Emmanuel Wells

Personal information
- Born: 20 October 1997 (age 28)

Sport
- Sport: Athletics
- Event: Sprinting

Achievements and titles
- Personal best(s): 60m: 6.48 (Spokane, 2024) 100m: 10.26 (Tucson, 2019) 200m: 20.88 (Tucson, 2019)

= Emmanuel Wells =

American sprinter (born 1997)

Emmanuel Wells (born 20 October 1997) is an American sprinter. He finished third at the 2025 USA Indoor Track and Field Championships over 60 metres.

==Early life==
He is from Seattle, he attended Rainier Beach High School, Central Arizona College and Washington State University.

==Career==
Competing for the Washington State Cougars in the Pac-12 Conference Track and Field Championships in Tucson, Arizona in 2019, Wells placed third in the 100 metres with a time of 10.26 seconds and fourth in the 200 metres with a time of 20.88 seconds. in 2020 he won the Pac-12 60m Conference Championship By 2021, he was the program-record holder over 60 metres.

He finished fourth at the 2024 USA Indoor National Track and Field Championships in New Mexico.
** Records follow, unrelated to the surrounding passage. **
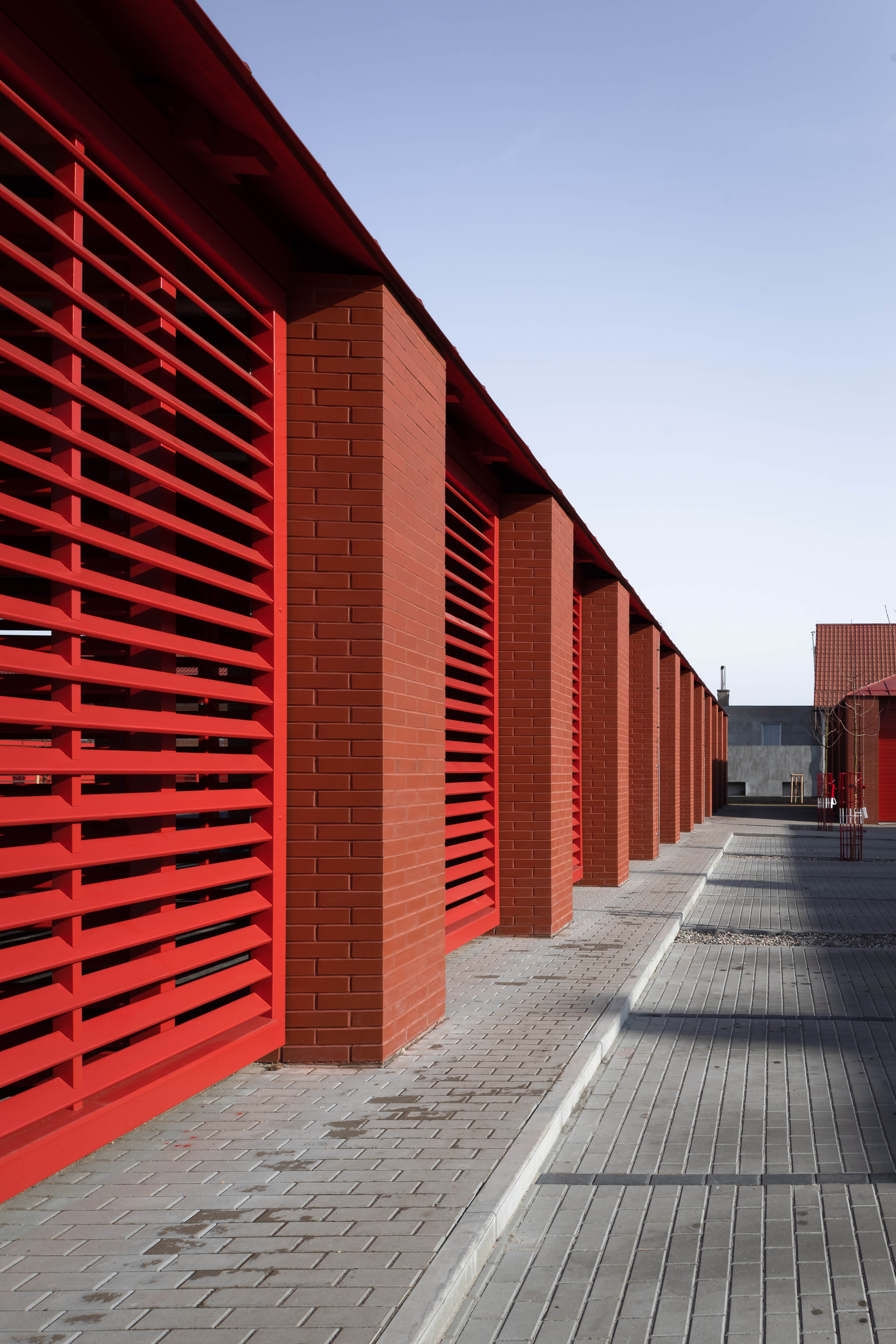 Trojica verejných stavieb - farebné objekty hasičskej zbrojnice a technických služieb, spolu s bielym domom služieb, tvorí fungujúci urbanistický celok s ľudskou mierkou.
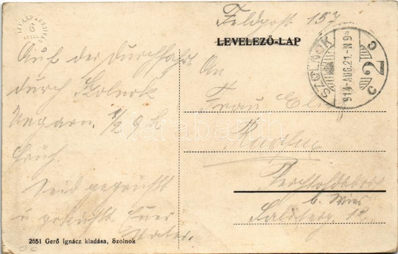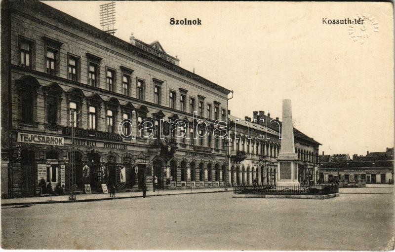 1914 Szolnok, Kossuth tér, tejcsarnok, Dr. Szegő fogorvos, Perlesz Lajos, Boros Béla és Lehoczky Mihály üzlete, Honvéd szobor, Külső Szolnok Megyei takarékpénztár. Gerő Ignác kiadása 2651. (EK)<a href="https://www.darabanth.com/hu/nagyaukcio/38/kate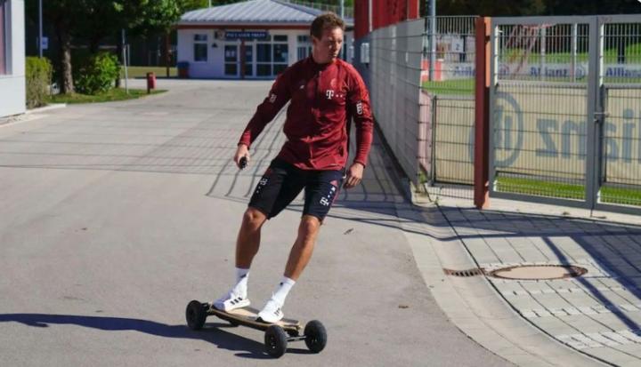 拜仁慕尼黑少帅纳格尔斯曼业余时间非常喜欢运动,最近纳帅滑着滑板前往塞贝纳大街工作。德国媒体《图片报》盘点了纳格尔斯曼的交通工具,从滑板到山地车再到摩托车。

Third at the 2025 USA Indoor Track and Field Championships in New York, running 6.48 seconds in the 60 metres, He was selected for the 2025 World Athletics Indoor Championships in Nanjing, China, in March 2025.

Wells was also a finalist in the 60 metres at the 2026 USA Indoor Track and Field Championships in New York.

==Personal life==
Nicknamed "RayRay", in October 2020 when video of him from training emerged, and went viral, of him cleanly clearing a 61-inch hurdle (155 centimetres), with a bunny hop, in his socks. Wells later worked as a high school track coach at Kennedy Catholic in Washington.